Everybody knows that women shouldn’t just be a Sexy _____ for Halloween. Instead, you should be something empowering, like a cool empress or goddess or inventor from Take Back Halloween. Even if you feel amazing dressed up as a Slutty Bunch of Grapes (oh wait I picked that as a joke but it is a thing:

ey_3331_4_yo2012

BUT the girl in this photo is totally doing the costume wrong. Here are two ways to do Slutty Bunch of Grapes: you’re totally naked except for like seven purple balloons taped to your body, and your chosen Halloween lover gets to watch you pop them one by one as you do the Dance of the Seven Slutty Grapes, OR you’re totally naked except for SEVERAL HUNDRED real grapes glued to your body with some kind of special food-safe glue and your lover gets to eat them all off one by one and then zhe is TOO FULL to eat any of hir candy and YOU GET TO EAT IT ALL oh wait I was supposed to be telling you NOT to be a slutty bunch of grapes!) ANYWAY, even if you got a great idea for a Slutty Bunch of Grapes costume + sex game from the Internet, you shouldn’t be a Slutty Bunch of Grapes because of what Mean Girls taught us. You remember! “In Girl World, Halloween is the one day a year when a girl can dress up like a total slut and no other girls can say anything else about it.”

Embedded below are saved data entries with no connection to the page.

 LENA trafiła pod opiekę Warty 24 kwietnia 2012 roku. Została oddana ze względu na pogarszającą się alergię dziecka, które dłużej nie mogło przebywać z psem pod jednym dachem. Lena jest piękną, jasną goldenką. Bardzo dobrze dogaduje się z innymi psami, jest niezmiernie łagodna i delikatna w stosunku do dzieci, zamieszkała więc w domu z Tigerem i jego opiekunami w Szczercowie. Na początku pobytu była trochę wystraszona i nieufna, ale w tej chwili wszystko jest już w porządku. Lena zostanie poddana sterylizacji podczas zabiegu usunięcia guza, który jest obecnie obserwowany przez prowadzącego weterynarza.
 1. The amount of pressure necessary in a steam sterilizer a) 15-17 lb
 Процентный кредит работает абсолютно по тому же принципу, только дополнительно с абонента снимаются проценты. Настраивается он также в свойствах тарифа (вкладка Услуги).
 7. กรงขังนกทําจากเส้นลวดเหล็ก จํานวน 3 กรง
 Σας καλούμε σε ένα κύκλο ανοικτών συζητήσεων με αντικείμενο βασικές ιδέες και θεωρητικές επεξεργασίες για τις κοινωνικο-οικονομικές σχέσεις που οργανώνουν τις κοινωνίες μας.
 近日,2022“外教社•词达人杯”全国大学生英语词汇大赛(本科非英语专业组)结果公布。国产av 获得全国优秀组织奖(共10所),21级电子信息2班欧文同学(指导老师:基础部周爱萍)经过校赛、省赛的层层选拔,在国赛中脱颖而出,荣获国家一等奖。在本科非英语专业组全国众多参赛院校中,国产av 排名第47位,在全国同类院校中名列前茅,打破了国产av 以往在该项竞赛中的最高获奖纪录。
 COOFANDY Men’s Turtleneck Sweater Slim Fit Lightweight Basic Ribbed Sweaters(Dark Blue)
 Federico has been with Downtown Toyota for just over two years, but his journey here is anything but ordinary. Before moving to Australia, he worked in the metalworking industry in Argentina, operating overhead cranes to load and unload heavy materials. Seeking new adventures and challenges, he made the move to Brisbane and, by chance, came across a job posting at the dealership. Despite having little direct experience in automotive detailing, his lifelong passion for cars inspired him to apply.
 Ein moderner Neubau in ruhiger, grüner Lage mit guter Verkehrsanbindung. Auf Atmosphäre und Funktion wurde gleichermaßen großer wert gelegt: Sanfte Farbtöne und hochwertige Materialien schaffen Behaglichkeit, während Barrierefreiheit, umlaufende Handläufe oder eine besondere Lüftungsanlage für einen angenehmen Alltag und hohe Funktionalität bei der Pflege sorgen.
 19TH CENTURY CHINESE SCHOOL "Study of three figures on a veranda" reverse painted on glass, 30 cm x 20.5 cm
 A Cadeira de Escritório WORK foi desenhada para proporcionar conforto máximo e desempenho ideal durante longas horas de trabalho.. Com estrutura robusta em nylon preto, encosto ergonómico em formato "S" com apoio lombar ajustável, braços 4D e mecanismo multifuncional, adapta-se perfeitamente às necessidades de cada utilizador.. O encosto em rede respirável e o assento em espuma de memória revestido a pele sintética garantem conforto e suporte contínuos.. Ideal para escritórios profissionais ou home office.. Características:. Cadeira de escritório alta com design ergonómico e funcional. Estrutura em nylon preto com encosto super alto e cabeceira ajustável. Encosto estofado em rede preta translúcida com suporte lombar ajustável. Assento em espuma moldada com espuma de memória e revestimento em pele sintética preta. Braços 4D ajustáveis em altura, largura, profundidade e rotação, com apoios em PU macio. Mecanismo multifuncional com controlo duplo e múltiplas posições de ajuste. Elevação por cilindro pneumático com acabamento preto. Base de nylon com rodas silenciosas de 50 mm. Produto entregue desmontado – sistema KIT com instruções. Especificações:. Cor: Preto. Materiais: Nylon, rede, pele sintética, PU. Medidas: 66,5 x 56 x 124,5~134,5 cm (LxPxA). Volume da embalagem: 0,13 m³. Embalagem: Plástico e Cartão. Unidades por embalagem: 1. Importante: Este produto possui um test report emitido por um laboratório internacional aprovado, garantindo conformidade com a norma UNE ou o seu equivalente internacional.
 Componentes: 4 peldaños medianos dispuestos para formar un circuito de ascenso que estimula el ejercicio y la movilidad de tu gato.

mean-girls-halloween-costumes-ideas

So because Halloween is this weird carnival time of misrule, women and girls are encouraged, even required, to wear provocative outfits for which they would be mercilessly slut-shamed at any other time of year. And because Cady didn’t get the Girl World memo, she shows up in an amazing, totally transformative Zombie Bride costume and feels really uncomfortable and the boy she likes makes out with Regina George the Playboy Bunny.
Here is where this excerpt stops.